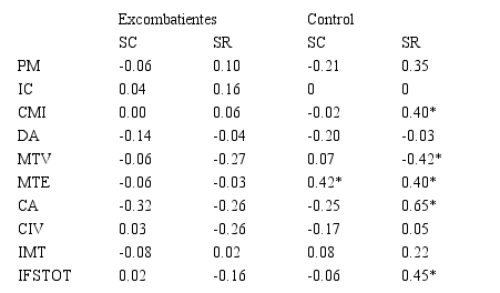 Las correlaciones, en ambos grupos, para la SAC (SR) y el CMI, la MTV, la MTE y el IFSTOT, que fueron bajas y no significativas en el grupo de excombatientes, y las correlaciones moderadas entre el SIC (SC) y la MTE (r: 0,42) en el grupo de controles no combatientes, sugieren que la exposición a eventos traumáticos relacionados con combates en un conflicto irregular, como el caso del colombiano, rompen el enganche entre algunos elementos del funcionamiento ejecutivo.
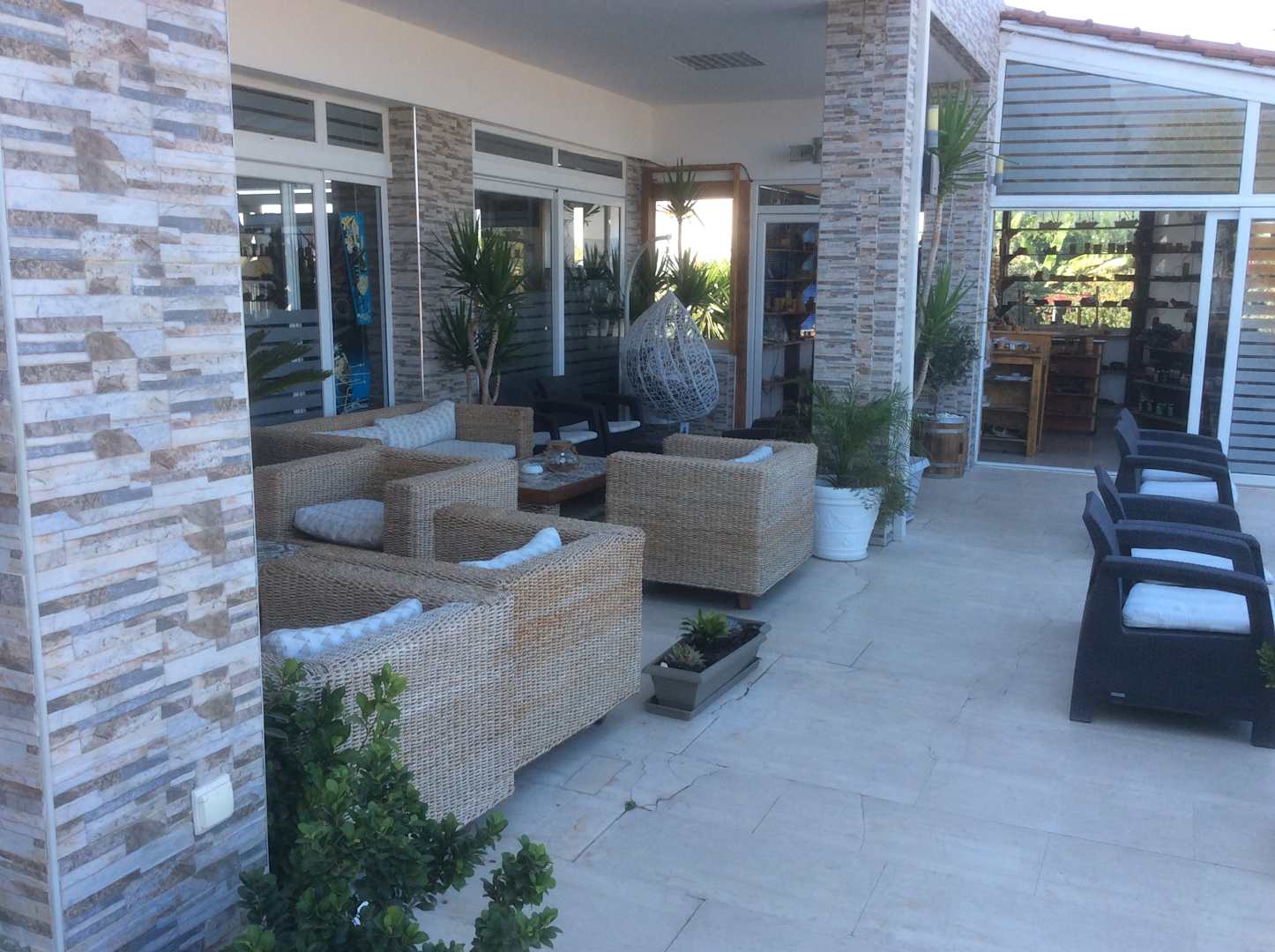 Sitzgelegenheiten vor dem Eingang .Tagsüber zum Kaffee oder Abends zum Cocktail
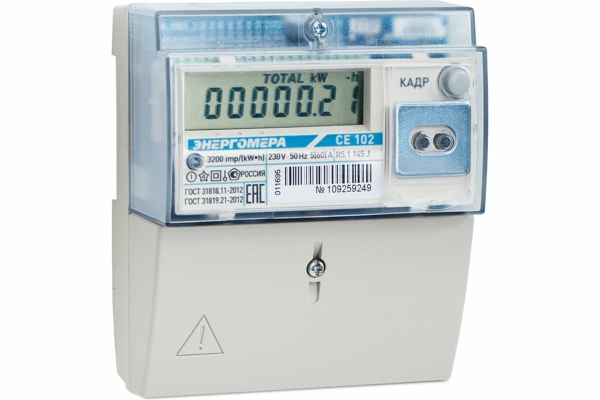 Счетчик электроэнергии Энергомера CE102 R5.1 145-JAN, 230В, 5-60А 101002003012776 интересное:
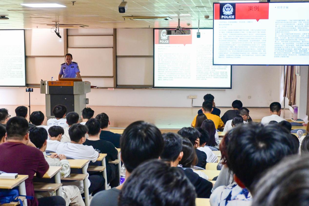 吳恒強警官首先以大量真實案例和詳實的數(shù)據(jù),向同學們介紹了常見電信網(wǎng)絡詐騙,包括刷單返利兼職、冒充網(wǎng)購客服、冒充熟人、冒充貸款客服、虛假投資理財平臺、“校園貸”詐騙等,細致分析了新型電信網(wǎng)絡類詐騙類型的本質(zhì)及特點,并提出了相應的防范措施,叮囑同學們要牢固樹立反詐騙意識,切忌貪小便宜,一旦被騙,需盡快掌握對方犯罪證據(jù)并迅速報警,切實維護自身合法權(quán)益。
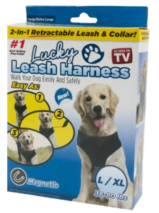 Lucky Leash- 2-n-1 Retractable Leash & Harness Magnetic Collar, Telescopic Cord - L/XL
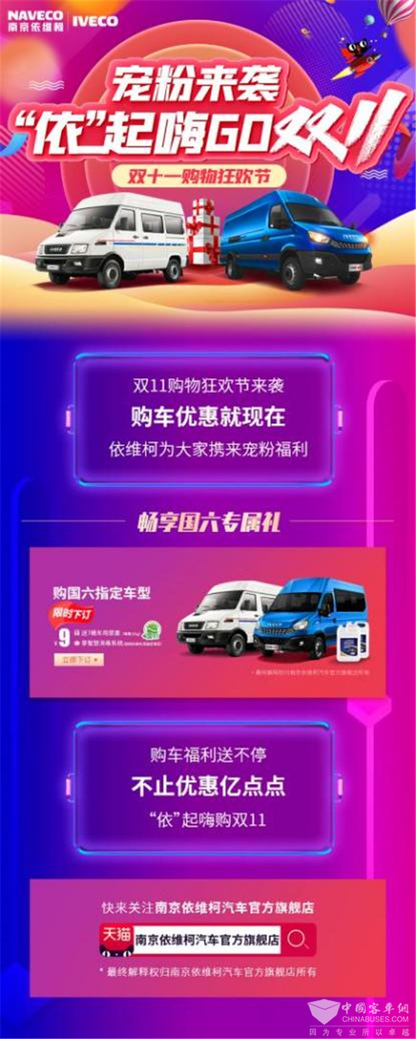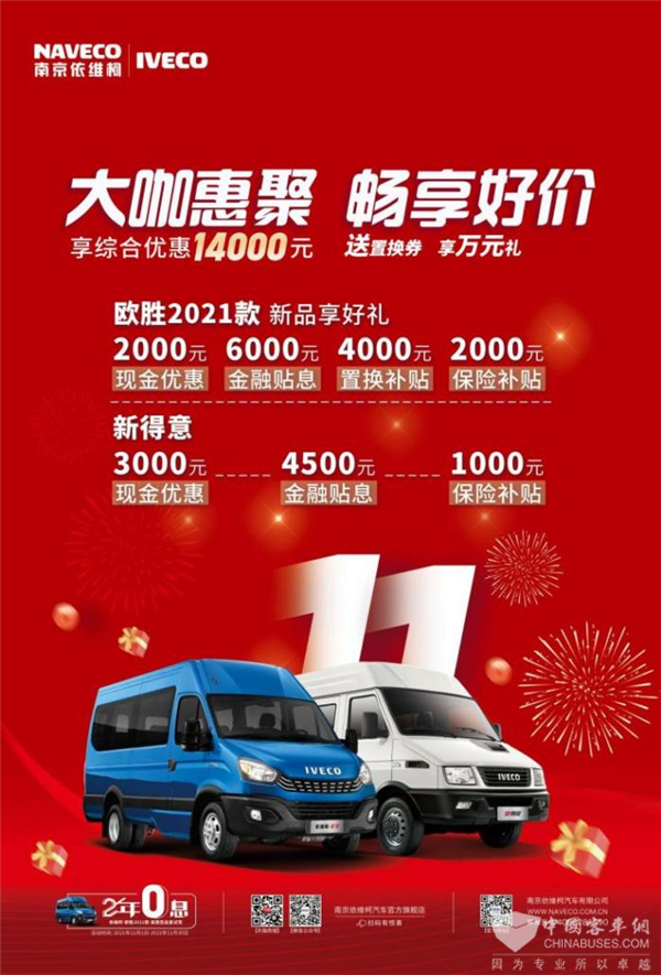综合优惠达14000元! 南京依维柯邀您“钜惠双11 依起疯狂购”
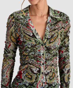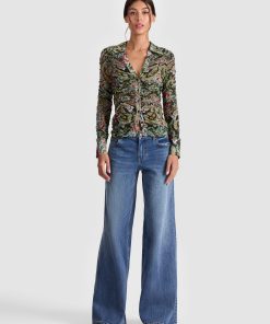 A sheer moment-with a little something extra. The Portia ruched button down takes your classic silhouette and levels it all the way up with a mesh body, ruched detailing, a sharp collar, and a swirling paisley print that feels equal parts retro and rebellious. Fitted and slightly sheer, it’s made for layering (or not) depending on your mood. Whether you wear it under a blazer, over a bralette, or buttoned up solo, it’s the kind of piece that brings instant texture, edge, and conversation.
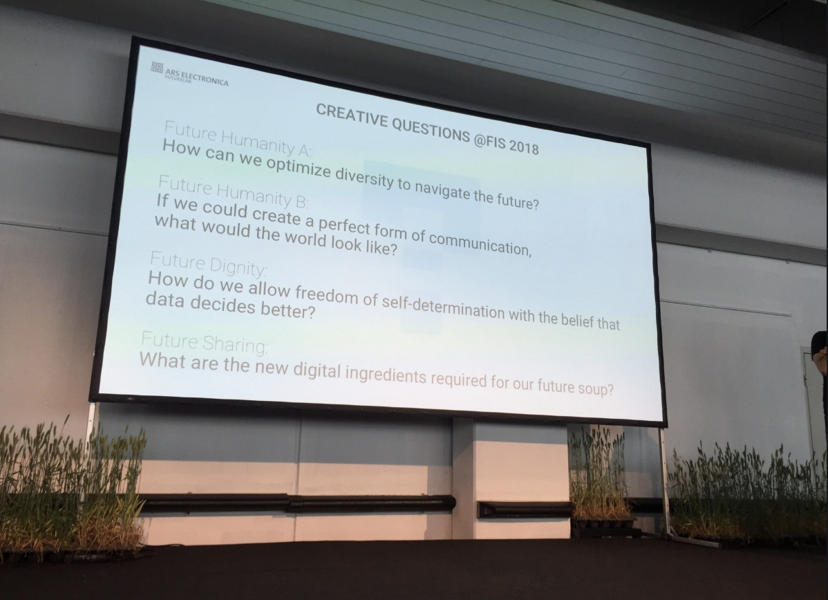A slide showing the creative question from the future innovators summit

::::

▸ Problem to solve
Print every entry verbatim and leave all pictures out.

▸ Worked solution
 Las correlaciones, en ambos grupos, para la SAC (SR) y el CMI, la MTV, la MTE y el IFSTOT, que fueron bajas y no significativas en el grupo de excombatientes, y las correlaciones moderadas entre el SIC (SC) y la MTE (r: 0,42) en el grupo de controles no combatientes, sugieren que la exposición a eventos traumáticos relacionados con combates en un conflicto irregular, como el caso del colombiano, rompen el enganche entre algunos elementos del funcionamiento ejecutivo.
 Sitzgelegenheiten vor dem Eingang .Tagsüber zum Kaffee oder Abends zum Cocktail
 Счетчик электроэнергии Энергомера CE102 R5.1 145-JAN, 230В, 5-60А 101002003012776 интересное:
 吳恒強警官首先以大量真實案例和詳實的數(shù)據(jù),向同學們介紹了常見電信網(wǎng)絡詐騙,包括刷單返利兼職、冒充網(wǎng)購客服、冒充熟人、冒充貸款客服、虛假投資理財平臺、“校園貸”詐騙等,細致分析了新型電信網(wǎng)絡類詐騙類型的本質(zhì)及特點,并提出了相應的防范措施,叮囑同學們要牢固樹立反詐騙意識,切忌貪小便宜,一旦被騙,需盡快掌握對方犯罪證據(jù)并迅速報警,切實維護自身合法權(quán)益。
 Lucky Leash- 2-n-1 Retractable Leash & Harness Magnetic Collar, Telescopic Cord - L/XL
综合优惠达14000元! 南京依维柯邀您“钜惠双11 依起疯狂购”
 A sheer moment-with a little something extra. The Portia ruched button down takes your classic silhouette and levels it all the way up with a mesh body, ruched detailing, a sharp collar, and a swirling paisley print that feels equal parts retro and rebellious. Fitted and slightly sheer, it’s made for layering (or not) depending on your mood. Whether you wear it under a blazer, over a bralette, or buttoned up solo, it’s the kind of piece that brings instant texture, edge, and conversation.
A slide showing the creative question from the future innovators summit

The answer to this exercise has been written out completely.